需要明确的是,市场上有现成的ETL工具和SAAS产品可以做到这一点。 我们已经在一些用例中使用了这样一种工具。 它可以展平JSON并在发生流式传输时计算新字段,但必须通过单独的功能来加入其他流式表,该功能必须具有自己的时间表和定价。 最终,我们面临的问题是它的成本以及可靠性。 即使仅将其用于我们的部分数据,我们也一直在遭受失败的管道困扰,这使我们感到困惑,并且寻求支持小组的帮助的努力常常没有达到我们的预期。 由于其核心不在我们的管辖范围内,因此我们没有最大的灵活性来进行调查,试验和修补。 决定关闭那扇门,现在,走开源路线,为我们所有的管道制定自己的方式。
Our on-the-fly transformations solution emphasised the following tenants:
我们的即时转换解决方案强调了以下租户:
Accuracy cannot be compromised. Period.
准确性不能受到损害 。 期间 。
Get ahead: We didn’t want just a faster database or a more up-to-date one. We wanted to improve anywhere we saw it was needed. That meant more efficient logic, deprecating some tables while introducing more comprehensive columns. Our 8 members of the Data team collectively have 13 years of dealing with every single other team in Fave. Our design must facilitate answering their needs but also our own data science projects.
取得成功:我们不想要一个更快的数据库或一个更新的数据库。 我们想在需要的地方进行改进。 这意味着更高效的逻辑,不推荐使用某些表,同时引入更全面的列。 我们的8位数据团队成员与Fave中的每个其他团队共同拥有13年的工作经验。 我们的设计必须方便满足他们的需求,而且还必须满足我们自己的数据科学项目的要求。
Modularisation: As much as possible, we should apply predefined libraries, functions and variables (whether our own or from elsewhere) to reduce complexity and increase code reuse. While there could still be improvements, what we’ve accomplished so far has already proven advantageous.

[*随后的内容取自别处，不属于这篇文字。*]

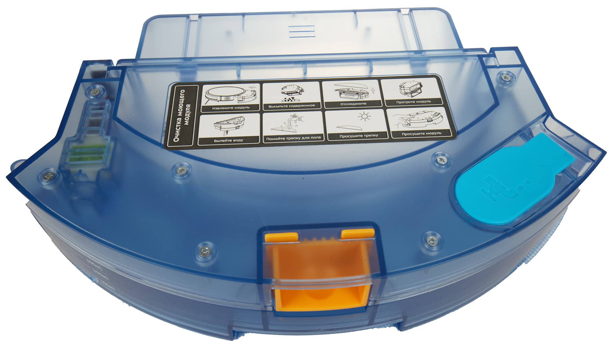 Микрофибровая тряпка фиксируется на модуле при помощи четырех довольно больших «липучек»-велкро. Сбоку на модуле мы видим градуировку, соответствующую 100, 200 и 300 мл. Сверху — наклейку, содержащую информацию об уходе за модулем.

In fact, our accuracy check module is already being applied in other projects with turnaround being exponentially shorter given we were not building from scratch.
模块化:我们应该尽可能地使用预定义的库,函数和变量(无论是我们自己的还是其他的),以降低复杂性并增加代码重用性。 尽管仍有改进的余地,但到目前为止我们已经完成的工作已经证明是有利的。 实际上,我们的准确性检查模块已经在其他项目中应用,由于我们不是从头开始构建的,因此周转时间缩短了几倍。
Engineering, as the capturers of the data, need to always be on the same page (or at least only one page away): A great many companies suffer the inefficiency of not having their engineers and various data people talk to each other. We have that relationship at Fave and this undertaking shouldn’t dislodge that.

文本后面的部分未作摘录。